Trump was elected on deporting illegals, closing the Dept of Education, removing men from women's sports and to stop sending money overseas. The insular HN community doesn't understand this is what the majority of American voters want. Many of us are very happy with the direction things have been moving.
Deportations, I could understand. But extraction to a foreign concentration camp without a sentence or any legal recourse? That is just utterly cruel -- even monstrous. If the majority of American voters want that, then that's what they are, full stop.
> Many of us are very happy with the direction things have been moving.
No, you're not, and yes I am telling you how you feel.
This is, for lack of a better word, "cope".
Even if you think some of this stuff is cool, you can't be so stupid as to just ignore all the economic damage around you. That does affect you, whether you have the conviction to admit it or not. At the end of the day, you _will_ suffer. There is no pride in being both a loser and a coward.
As for "economic damage", this is where you really diverge from reality.
The S&P 500 has risen back to pre-Liberation Day tariff announcement levels.
Gasoline prices are down.
Egg prices are down.
April jobs report is out, beating projections by 44,000 jobs.
The media's economic fear-mongering never materialized.
So yes, the US economy effects me -- all in a good way right now. President Trump's agenda is working. The people wishing otherwise will be the ones who need to cope.
The only reason the economy is in any kind of "decent" shape is because Trump backtracked on the things he said. He's well aware his suggestions are economic catastrophe.
So, you should be thanking his opposition for forcing his hand in this. You're welcome. If we did not complain enough, then the tariffs would still be proposed and we'd be fucked. Luckily, he backtracked 99% of it.
And, nothing has actually went into effect yet. What you're missing is that the economic disaster we've seen is just from him threatening it. Yeah, nothing material has happened yet. So however bad it was, it can only get worse when his awful, awful economic policy comes to fruition.
Also, GDP is down Q1 2025. We're almost certainly going to enter a recession, it's mostly a question of how bad it's going to be. Have fun!
Citizenship status doesn't matter if you create a one-way jurisdictional valve people can be pushed through before there is time to assert status and rights.
It's funny you say science requires a lot of honesty and trust, then point at what happened in the past 5 years.
Very few people believe "safe and effective" was telling the truth when it neither stopped someone from getting sick or from passing the virus on to other people.

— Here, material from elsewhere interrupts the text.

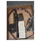 Firearms: 1. Colt – Mod. AR15 SP1 – 223 Rem. Cal. Semi-Auto Rifle – w/20” Barrel w/Flash Hider – Blued Finish – w/Black Synthetic Stock, Pistol Grip & Triangular Forearm – Barrel Marked CMP Chrome Bore – w/Canvas Web Sling – Serial # SP59698 (CANNOT GO TO MARYLAND!) 2. Springfield – Mod. M1 Garand – 30-06 Cal. Semi-Auto Rifle – w/24” 5-44 Dated SA Barrel – w/IH Stock, IH Trigger Assembly, IH Gas Cap Screw & Front Sight – Right Receiver Post Marked “D2829117” 3. Marlin – Mod. 336 – 35 Rem. Cal. Lever Action Rifle – w/20” Barrel w/Sights & Full Length Mag. – Blued Finish – w/Capped Pistol Grip Wood Stocks – w/Marlin 1870-1970 Medallion in Right Side of Stock – w/Bushnell 4x Banner Scope & Mounts 4. Remington – Mod. 66 Nylon – 22LR Only Cal. Semi-Auto Rifle – w/19” Barrel w/Sights – Blued – w/Capped Pistol Grip Wood Like Nylon Checkered Stocks w/White Accents – w/Tubular Magazine Fed From Butt – w/Simmons 22 Mag. 4x32 Scope & Mounts 5. Rossi – Mod. 92 – 44-40 Win. Cal. Lever Action Rifle – w/20” Blued Octagon Barrel w/Full Magazine – w/Case Colored Frame & Crescent Butt Plate – w/Straight Grip Wood Stocks 6. Marlin – Mod. 9 – 9mm Cal. Semi-Auto Rifle – w/16 ½” Barrel – Blued Finish – w/Aftermarket Black Synthetic “Muzzelite” Stock – In Bull Pup Configuration 7. New England Firearms – Mod. SS1 Sportster – 22LR Cal. Single Shot Rifle – w/20” Barrel – Blued – w/Black Textured Pistol Grip Synthetic Stocks – w/Leupold Gilmore Red Dot Scope 8. Winchester – Mod. Defender – 12ga. 3” Pump Action Shotgun – w/18” Cyl. Choke, Ported Barrel w/Full Length Extended Magazine – Blued – w/Knox X Adjustable Pistol Grip Butt Stock w/Ribbed Wooden Forearm 9. High Standard – Mod. Ten Police Shotgun – 12ga. Semi-Auto Shotgun – w/18” Barrel – w/Black Synthetic Pistol Grip – w/Sights – w/Cary Handle 10. Ruger – Mod. 44 Carbine – 44 Mag. Cal. Semi-Auto Rifle – w/18” Barrel w/Rifle Sights – Blued Finish – w/Pistol Grip Wood Stock 11. American Ind. – Calico – Mod. 100 – 22LR Cal. Semi-Auto Rifle – w/18” Barrel w/Flash Hider – w/Synthetic Pistol Grip & Forearm – w/Folding Stock – w/100Rd Rotary Mag. (CANNOT GO TO MARYLAND!) 12. Volunteer – Mod. Commando Mark III – 45 ACP Cal. Semi-Auto Rifle – w/16 ½” Barrel w/Flash Hider – Blued Finish – w/Wood Stock & Pistol Grip Forearm – w/Mag. 13. Universal – Mod. M1 Carbine – 30 Carb Cal. Semi-Auto Rifle – w/18” Barrel – Blued – w/Smooth Wood Pistol Grip Stock – w/Mag. 14. Sig Sauer – Mod. P229 – 40 S&W Cal. Semi-Auto Pistol – w/4” Barrel w/3-Dot Night Sights – Matte Blued Finish – w/Crimson Trace Laser Grips 15. Smith & Wesson – Mod. 15-3 – 38 Spl. Cal. Double Action Revolver – w/4” Barrel w/Sights – Blued Finish – w/Case Hardened Smooth Trigger & Hammer – w/Pachmayr Rubber Grips 16. Browning – Mod. Hi-Power – 9mm Cal. Semi-Auto Pistol – w/4 ½” Barrel w/Sights – Blued Finish – w/Checkered Black Pachmayr Grips – w/Extra Mag. 17. Ruger – New Model Single Six – 32 H&R Mag. Cal. Single Action Revolver – w/4 ¾” Barrel – Blued Finish – w/Ruger Smooth Wood Grips & Silver Eagle Medallions 18. Ruger – New Model Blackhawk – 45 Colt Cal. Single Action Revolver – w/7 ½” Barrel w/Sights – Blued Finish – w/Checkered Black Pachmayr Grips 19. AMT – Mod. Back Up – .380/9mm Kurz Cal. Semi-Auto Pistol – w/2 ½” Barrel – Stainless Finish – w/Checkered Black Grips – w/2 Extra Mags, 3 Total 20. Ruger – Mod. Super Blackhawk (3-Screw) – 44 Mag. Cal. Single Action Revolver – w/7 ½” Barrel w/Sights – Re-Blued Finish – w/Ruger Wood Grips – w/Ruger 2pc. Box & Pamphlets 21. Ruger – Mod. Security Six – 357 Mag. Cal. Double Action Revolver – w/4” Barrel – Matte Stainless Finish – w/Custom 2pc. Wood Grips 22. Kahr – Mod. K9 – 9x19mm Cal. Semi-Auto Pistol – w/3 ½” Barrel – Matte Black Finish – w/Wood Grips – w/Magazine – w/Kahr Arms Box 23. Ruger – Mod. New Vaquero – 45 Colt Cal. Single Action Revolver – w/5 ½” Barrel – Blued – w/Case Hardened Frame – w/Ruger Hard Rubber Grips – w/Case & Manual 24. Ruger – Mod. Vaquero – 45 Colt Cal. Single Action Revolver – w/3 ¾” Barrel w/Sights – Blued Finish – w/Case Hardened Frame – w/Ruger Bird Head Black Grips – w/Case 25. Smith & Wesson – Mod. 28-2 Highway Patrolman – 357 Mag. Cal. Double Action Revolver – w/6” Ribbed Barrel w/Sight – Blued Finish – w/Case Colored Hammer & Trigger – w/S&W Checkered Medallion Target Wood Grips – w/Original 2pc. Box & Manual 26. Kahr – Mod. MK9 – 9x19mm Cal. Semi-Auto Pistol – w/3” Barrel w/Sights – Stainless Finish – w/Kahr Black Plastic Gris – w/Extra Mag. – w/Box 27. Thompson Center Arms – Mod. Contender – 223 Rem. Cal. Single Shot Pistol – w/Super 14” Barrel w/Sight – Blued Finish – w/Engraved Mountain Lion Scene – w/Pachmayr Pistol Grip – w/Black Pachmayr Forearm – w/Thompson Center 3RP Pistol Scope & Mount A. Thompson Center Arms – 12” 45 Colt/410ga. Blued Round, Vent-Rib Contender Barrel – w/Choke B. Thompson Center Arms – 10” 357 Mag. Cal. Blued Round to Octagon Ported, Choked Contender Barrel w/Sights C. Thompson Center Arms – 10” 25-35 Win. Cal. Blued Round to Octagon Contender Barrel w/Front Sight & Wooden Forearm D. Ruger – Mod. Old Army – 45 Cal. Black Powder Revolver – w/7 ½” Barrel w/Sights – Stainless Finish – w/Ruger Wood Grips E. Colt – Mod. 1851 Navy – 36 Cal. Single Action Black Powder Revolver – w/7 ½” Octagon Barrel – Blued/Case Colored Finish – w/Smooth Wood Grips – w/Engraved Cylinder – w/Blue Colt Box F. Uberti – Mod. 1849 – 31 Cal. Black Powder Revolver – w/4” Octagon Barrel – Blued Case Colored Finish – w/Smooth Wood Grips – w/Brass Trigger Guard – w/Engra

Now the lack of trust is spilling over into other v's that have been effective in eradicating past ailments like polio and measles. The "scientists" have no one to blame but themselves.

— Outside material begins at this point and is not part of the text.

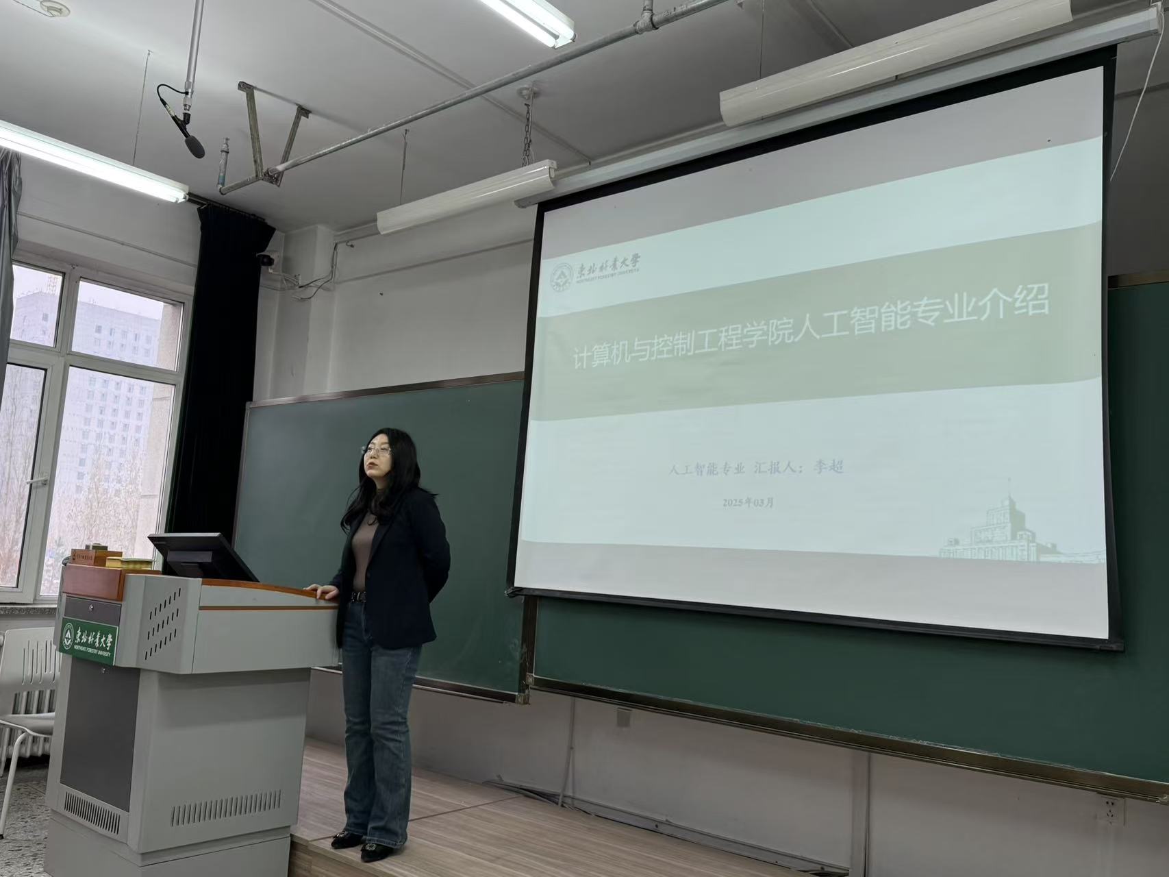 会议伊始,李超主任首先对加入人工智能大家庭的新生们表示热烈欢迎。随后,她围绕专业背景、专业特色、师资力量、课程体系、项目竞赛成果以及升学就业情况等方面,进行了全面而深入的介绍。李主任详细阐述了人工智能领域的发展前景与本专业的培养优势,展示了雄厚的师资队伍与科学完善的课程设置,并分享了往届学生在各类竞赛中取得的优异成绩及广阔的升学和就业出路,极大地增强了新生对所学专业的认同感与自信心。

It's not "spilling over" as some kind of inevitable process. The President nominated and the Senate confirmed a health secretary who works hard to cultivate mistrust of vaccines. The scientists didn't make them do that.

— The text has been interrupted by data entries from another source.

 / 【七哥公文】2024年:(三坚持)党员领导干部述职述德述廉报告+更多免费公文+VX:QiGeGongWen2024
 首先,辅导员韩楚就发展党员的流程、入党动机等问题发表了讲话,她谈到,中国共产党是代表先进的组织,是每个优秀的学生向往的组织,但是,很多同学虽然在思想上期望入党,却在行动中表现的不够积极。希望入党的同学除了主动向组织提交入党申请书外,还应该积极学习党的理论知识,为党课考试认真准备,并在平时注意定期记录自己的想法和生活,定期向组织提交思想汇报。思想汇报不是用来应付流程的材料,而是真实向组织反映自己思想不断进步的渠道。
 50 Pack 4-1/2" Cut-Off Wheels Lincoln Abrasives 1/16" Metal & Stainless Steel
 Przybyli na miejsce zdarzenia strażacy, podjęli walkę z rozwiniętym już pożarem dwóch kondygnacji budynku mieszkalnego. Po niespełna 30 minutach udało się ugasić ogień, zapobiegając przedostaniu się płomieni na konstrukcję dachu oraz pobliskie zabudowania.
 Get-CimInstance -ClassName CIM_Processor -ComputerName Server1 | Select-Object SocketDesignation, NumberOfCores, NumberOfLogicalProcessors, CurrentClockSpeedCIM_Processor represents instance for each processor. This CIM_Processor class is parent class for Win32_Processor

As a US citizen, revoking visas from criminals and people who espouse hate has been a huge net positive. We don't need visitors bringing their third world blood feuds to our homeland.
The primary technology we are lacking an implementation for is voter ID. After we ensure only eligible voters can cast a single vote, the next valuable technology is education.
Across the board budget cuts say nothing about supporting the scientific method. These university could easily fund their projects out of their massive multi-billion dollar endowments. We should ask why they aren't.
> Across the board budget cuts say nothing about supporting the scientific method.
Semantic nihilism. It’s a basic fact of political science that governments enact policies in order to achieve outcomes. Or if you prefer cybernetics, there’s always Stafford Beer: “The purpose of a system is what is does.”